Irving Street Functionality

This is supposed to be a blog.

recent posts
posted 03 Mar, 2021

Notes tangential to the BGW protocol

Shamir's Secret Sharing

Shamir’s secret sharing is a scheme where a value can be split into n shares, each of which doesn’t tell one anything about the secret value. Get enough of them together though, and you can recover the secret. A simpler scheme would be just be to split your secret into n random values that add back up to the secret. (This works better and makes more sense in a finite field. Basically everything from here on out will be in the finite field of size two, i.e. “bits”.)

In Shamir’s scheme (from here on: SSS), we pick a random polynomial f of some known degree t-1 such that f(0) is the secret value. Each party p then gets as their share the value f(p).
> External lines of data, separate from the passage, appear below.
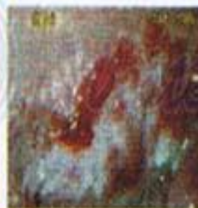
Grade - I green filter image
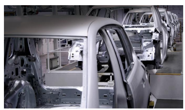
Image 1: Tsubaki recommended its maintenance-free, Lambda series of self-lubricated chain.

Image 2: Car parts are moving constantly through the assembly process on overhead conveyors, taking them from one workstation to the next.
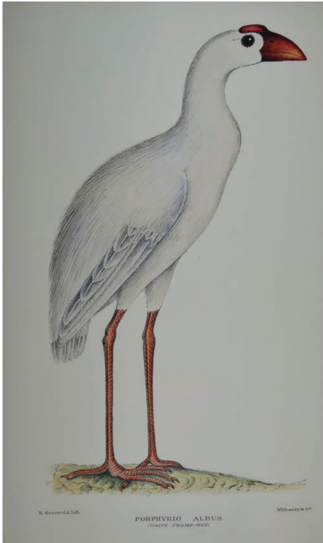
Figure 14. Reconstruction of Raper's painting 1790 in Mathews (1936) (Hein van Grouw, Natural History Museum, Tring)

since 1987 (Ripley 1977, Hutton 1990). Also on Norfolk Island, the species is probably self-introduced and has been recorded since the earliest European occupation (Christian 2005). In early 1900 it was not uncommon and recorded as breeding (Bassett-Hull 1909), but since the 1990s the number of breeding birds has increased dramatically (Christian 2005).
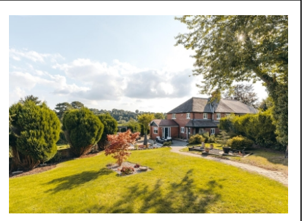
Sunnybank, 11b, Danesford, Bridgnorth
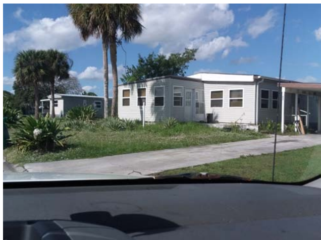
400 Raven. High grass, weeds. Nov 12, 2019
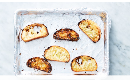
3. Make garlic toast

Cut tomatoes into ½-inch pieces. Pick parsley leaves from stems; discard stems. Coarsely chop parsley leaves . In a small bowl, combine tomatoes , parsley , 1 tablespoon golden balsamic vinegar , 14 of the chopped garlic , and 2 tablespoons oil . Season to taste with salt and pepper ; let sit until step 6.
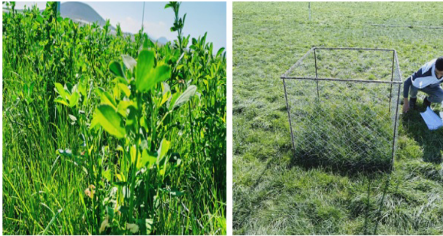
Figure 1. Sample collection from pasture.

bromegrass, alfalfa, white clover, and sainfoin, respectively. The seed bed was prepared by ploughing and then firming with a field cultivator and harrow. After the seeds were thoroughly mixed on a tarpaulin at the specified rates, sowing was conducted by a universal type of seeder by adjusting to 30 \text{ kg ha}^{-1} -mix seeds. During the sowing, 30 kg of diammonium phosphate (DAP) fertilizer was used per hectare with a seeder. The pasture was sown in the first week of October 2019.
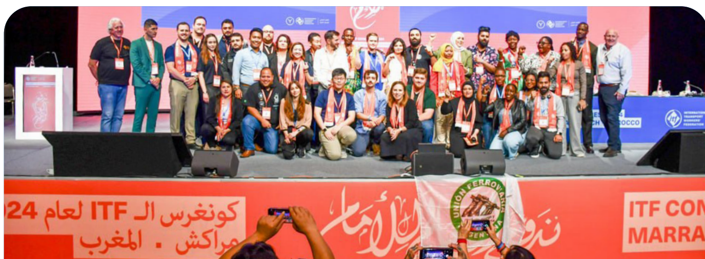
Photo: Representatives of the ITF Young Transport Workers' Committee, 2024

Participation in the event provided an opportunity to represent the interests of young Ukrainian transport workers, as well as to adopt best international practices and implement modern approaches to working with youth.
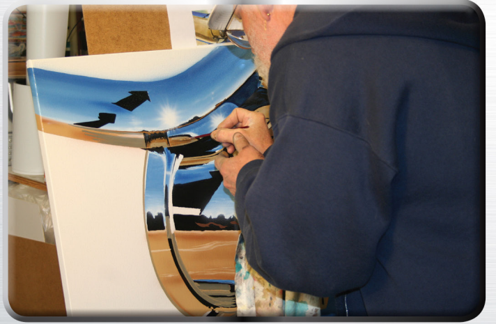
Step 11 - Here I'm adding a little brown into the areas.
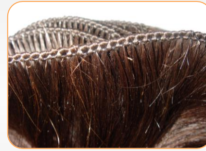
MICRO WEFT – 3 THREAD
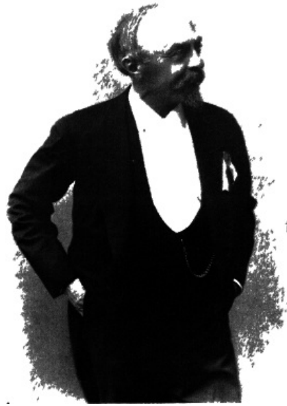
HANS VON BÜLOW

In Von Bülow was found a player of quite a different caliber. Clarity of touch, careful exactness down to the minutest detail caused the critics to call him cold. He was a deep thinker and analyzer; as he played one saw, as though reflected in a mirror, each note, phrase and dynamic mark of expression to be found in the work. From a Rubinstein recital the listener came away subdued, awed, inspired, uplifted, but disinclined to open the piano or touch the keys that had been made to burn and scintillate under those wonderful hands. After hearing Von Bülow, on the other hand, the impulse was to hasten to the instrument and reproduce what had just seemed so clear and logical, so simple and attainable. It did not seem to be such a difficult thing to play the piano—like that! It was as though he had said: "Any of you can do what I am doing, if you will give the same amount of time and study to it that I have done. Listen and I will teach you!"

To reconstruct the secret, we just need any t of the values; that’s enough to pin down the polynomial and that gives us f(0).

The Ben-Or Goldwasser Widgerson protocol

One application of SSS is for secure multi-party computation (basically the same idea as Homomorphic Encryption, but with p parties involved). Like all MPC systems I’m aware of, BGW starts by building a “circuit” representing the computation. The components of these circuits are primitive gates: NOT, XOR, and AND. We can use SSS for this because the shares have the two key homomorphisms: additive and multiplicative.

Remember we’re working in the finite field of size two; NOT is negation, XOR is addition, and AND is multiplication. So far this looks like a really good MPC protocol. The computations are cheap and we have information-theoretic security. The problem is that the degree of the polynomial goes up with every AND gate; if t>p, then not enough shares exist to recover the secret. The solution is to rebuild the polynomial after every AND to reset the degree.


I think the key to reliniarization is that reconstruction of a secret is a function of the secret shares that can be represented as a circuit without multiplication. Therefore if one has a share of each share, one can get a share of the “truth”. This strongly suggests that multiple secrets could be relinearized at once, but I have to actually put together the matrixes in question to do that.